Les cafés notamment sont loin d’être fréquentés seulement par des résidents. Ils sont un point de rencontre,
un lieu d’échange. Un lieu pour se ressourcer lorsqu’on est exilé dans des quartiers moins typiques :
musiques du pays, films couleur locale, etc. Centralité marchande : on y vient faire des courses spéciales
(tissus orientaux par ex.)
Donc un même quartier peut jouer à la fois la fonction d’accueil et d’adaptation de première entrée pour les
primo-arrivants et être un des espaces d’intégration pour les immigrés non résidents qui sont partis habiter
dans des quartiers résidentiels.
IV. Autres objets de recherche en sociologie urbaine
Beaucoup de recherches ont porté sur les acteurs du marché du logement, avec l’idée que la ville est une
vaste gare de triage des populations > avec ses mécanismes sélectifs et ses professionnels de la sélection
(administrateurs d’immeubles ; gestionnaires de l’habitat social).
La ville comme productrice de modes de vie spécifiquement urbains a été au cœur des différentes
monographie de l’école de Chicago : un article de Louis Wirth, « Le phénomène urbain comme mode de
vie » en donne les fondations.
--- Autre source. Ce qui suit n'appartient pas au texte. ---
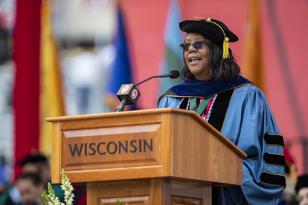Linda Scott, dean emerita of the University of Wisconsin—Madison School of Nursing, confers degrees during the UW–Madison's spring commencement ceremony at Camp Randall Stadium at the University of Wisconsin–Madison on May 13, 2023. The outdoor graduation was attended by more than 7,500 bachelor’s, master’s and law degree candidates, plus their guests. (Photo by Taylor Wolfram / UW–Madison)
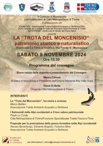 La trota del Moncenisio, patrimonio storico e naturalistico” è il tema di un convegno in programma sabato 9 novembre all’Ecomuseo “Le Terre al Confine” di via Trento 9 a Moncenisio. L’iniziativa dell’Associazione Tutela Ambienti Acquatici e Ittiofauna, dell’Unione dei Consigli di Valle dei Pescatori della Provincia di Torino e di AlpStream-Centro per lo Studio dei Fiumi Alpini, è patrocinata dalla Città metropolitana di Torino.

Plus tard, dans de nombreuses contributions, il sera questions de styles et
modes de vie, en particulier ceux de jeunes urbains rassemblés autour d’un style vestimentaire, d’une
musique, d’un argot, bref d’un ensemble de comportements et de traits caractéristiques qui permettent de
dresser une subculture, sous-culture voire une contre-culture (punk par exemple) : courant des Culturals
Studies en Angleterre qui ont étudié divers mouvements de jeunesse.
Conclusion : Au-delà de ce que permet l’usage raisonné de beaucoup de matériaux statistiques pour lire et
analyser les clivages sociaux, économiques, raciaux dans une ville ; et au-delà de l’étude critique des
nombreux documents et institutions qui sont chargés de mener la politique de la ville ; la ville est un lieu
privilégié d’observations de phénomènes qui ne peuvent se percevoir avec clarté qu’à travers une présence
et un engagement du chercheur dans la ville. Par exemple, si on veut rendre compte de la discrimination
raciale policière dans les contrôles d’identité : on peut observer la police opérer des contrôles d’identité et à
force de comptage bien faits prenant en compte diverses caractéristiques des individus contrôlés, cela permet
d’établir une première série de résultats ; aller interviewer, même brièvement, les personnes contrôlées au
sujet du ton de l’échange avec le policier (tutoiement ou non), la fréquence à laquelle la personne a déjà été
contrôlée, ce qu’il ressent lorsque cela lui arrive donnera d’autres séries d’informations.